Exercise requirements:
From the line containing "parallel medial prefrontal" down to the final line of the entries below, return each line exactly and drop the pictures.

Dataset records:
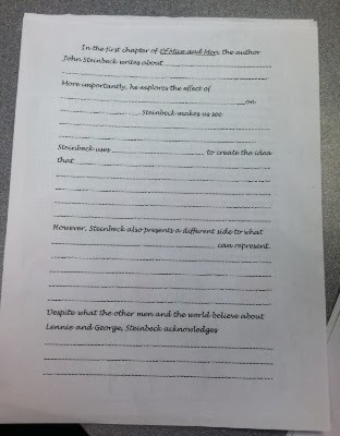 Another key to the success of this lesson was the third scaffold The Cloze Writing Technique (Figure 3). This scaffold provided students with sentence starters gleaned from the student exemplar and allowed them to focus on the content of their arguments without worrying about how to begin. As students struggled to articulate their ideas, they worried that their writing sounded “so simple” and “so elementary.” By helping students articulate their ideas more complexly, Mrs. Montecuollo and Mrs. Westbrook honored each student’s thinking. Thus, students were more willing to take a risk and push themselves from summary to analysis.
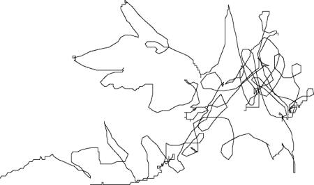 Végül egy kis ízelítő a „magasabb művészetből”. Az alábbi rajzot egy Boris névre hallgató angol juhászkutya (fajtájára nézve border collie) készítette, nyakában egy GPS-vevővel. A területet szabadon bejárva mit is rajzolhatott volna mást, mint épp egy kutyafejet...
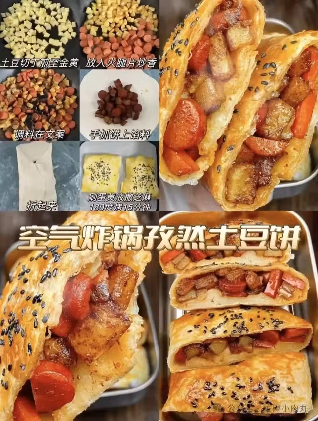 3⃣️早餐新思路,空氣炸鍋三明治安排上! 將雞蛋、培根煎至焦香,搭配生菜、肉鬆、芝士碎,用手抓餅包裹起來 。表面刷蛋液、撒芝士粉,放入空氣炸鍋180度烤20分鐘 。外皮金黃酥脆,內餡豐富又美味,一口咬下去超滿足,為活力滿滿的一天開個好頭!
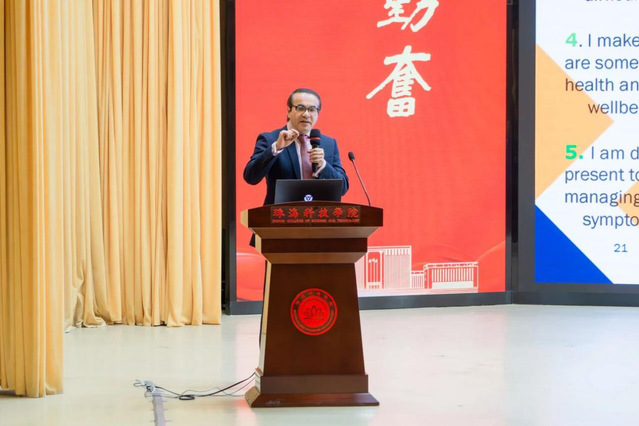 研讨会在独具闽南特色的英歌舞和二十四节气鼓表演中拉开序幕。在研讨会议召开之际,副校长黄学寿介绍了出席研讨会的Klaus - Michael Braumann、Jujiao Kuang、Emad Mallick等国外专家及嘉宾代表,对各位专家莅临指导表示热烈欢迎与诚挚谢意。他指出,老年运动康养是践行大健康观念、服务国家战略的核心领域。此次研讨会由学校承办,既是对学校学科建设成果的认可,也为校地合作、校企合作以及国际合作搭建了重要平台。学校将以此为契机,深化教学改革,力求实现产学研协同发展,推动大健康与运动康养学科专业群的进步。期望以研讨会为桥梁,持续加强与国内外专家的合作,助力珠海科技学院人才培养实现高质量发展。
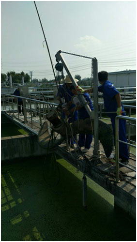 此次檢修,重點解決前期不具備維修條件但對生產有重要影響的設備。如在前期巡檢過程中發現,生化池推流器已經脫離基座,沉于池底,位置不能夠確定。生化池的潛水推流器對生化池污水流動起到至關重要的作用,由于該設備放置于池底,必須要對現有池體進行清空,但倒池會影響整個污水系統。針對此情況,在運行人員的配合下,機電部當機立斷決定,使用最便捷有效的方法——使用強性磁鐵確定設備所在位置,再使用鋼鉤鎖住設備。經過四天的不斷嘗試,終于將設備提出水面。
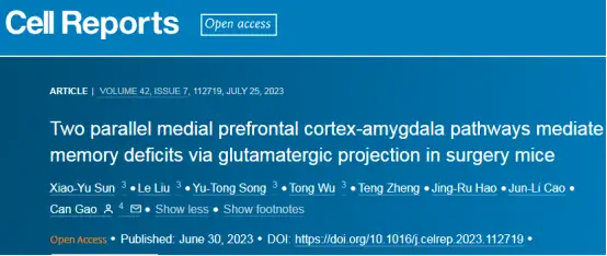 2023年6月30日,徐州医科大学麻醉与镇痛应用重点实验室高灿教授课题组在Cell Press(细胞出版社)旗下期刊Cell Reports发表论文“Two parallel medial prefrontal cortex-amygdala pathaways mediate memory deficits via glutamatergic projection in surgery mice”。该论文揭示了两条平行的mPFC-Amy环路介导手术小鼠记忆缺陷的环路机制。徐州医科大学博士,上海交通大学医学院附属仁济医院麻醉科医师孙晓玉、徐州医科大学博士研究生刘乐、徐州医科大学硕士研究生宋雨桐、徐州医科大学博士吴桐为论文共同第一作者。徐州医科大学高灿教授为通讯作者。该研究得到了国家自然科学基金面上项目、国家科技创新2030重大项目、江苏省自然科学基金、江苏省高等学校自然科学基金、江苏省青蓝工程和中国博士后基金面上项目等项目的资助。本研究得到了曹君利教授的大力支持。
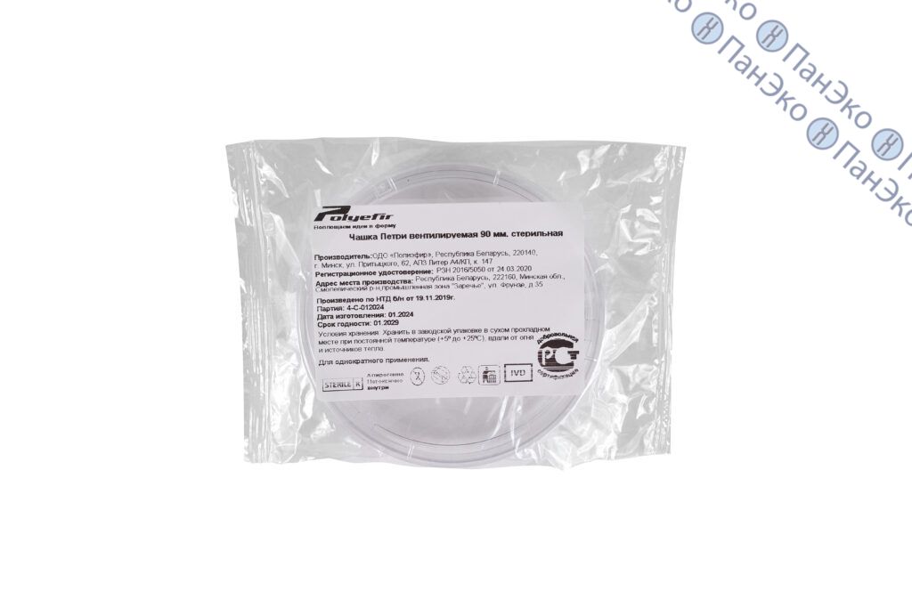 Чашки Петри, 90 мм, вентилируемые, стерильные, Полиэфир
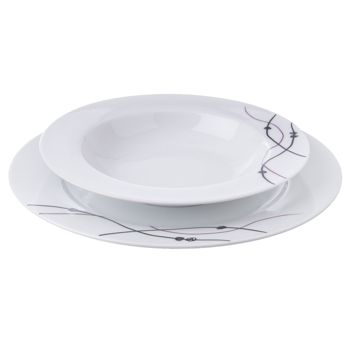 Kód produktu 128454Jídelní porcelánová sada je tvořená šesti dezertními, šesti hlubokými a šesti mělkými talíři s jemným dekorem vlnek.

Response for this exercise:
 2023年6月30日,徐州医科大学麻醉与镇痛应用重点实验室高灿教授课题组在Cell Press(细胞出版社)旗下期刊Cell Reports发表论文“Two parallel medial prefrontal cortex-amygdala pathaways mediate memory deficits via glutamatergic projection in surgery mice”。该论文揭示了两条平行的mPFC-Amy环路介导手术小鼠记忆缺陷的环路机制。徐州医科大学博士,上海交通大学医学院附属仁济医院麻醉科医师孙晓玉、徐州医科大学博士研究生刘乐、徐州医科大学硕士研究生宋雨桐、徐州医科大学博士吴桐为论文共同第一作者。徐州医科大学高灿教授为通讯作者。该研究得到了国家自然科学基金面上项目、国家科技创新2030重大项目、江苏省自然科学基金、江苏省高等学校自然科学基金、江苏省青蓝工程和中国博士后基金面上项目等项目的资助。本研究得到了曹君利教授的大力支持。
 Чашки Петри, 90 мм, вентилируемые, стерильные, Полиэфир
 Kód produktu 128454Jídelní porcelánová sada je tvořená šesti dezertními, šesti hlubokými a šesti mělkými talíři s jemným dekorem vlnek.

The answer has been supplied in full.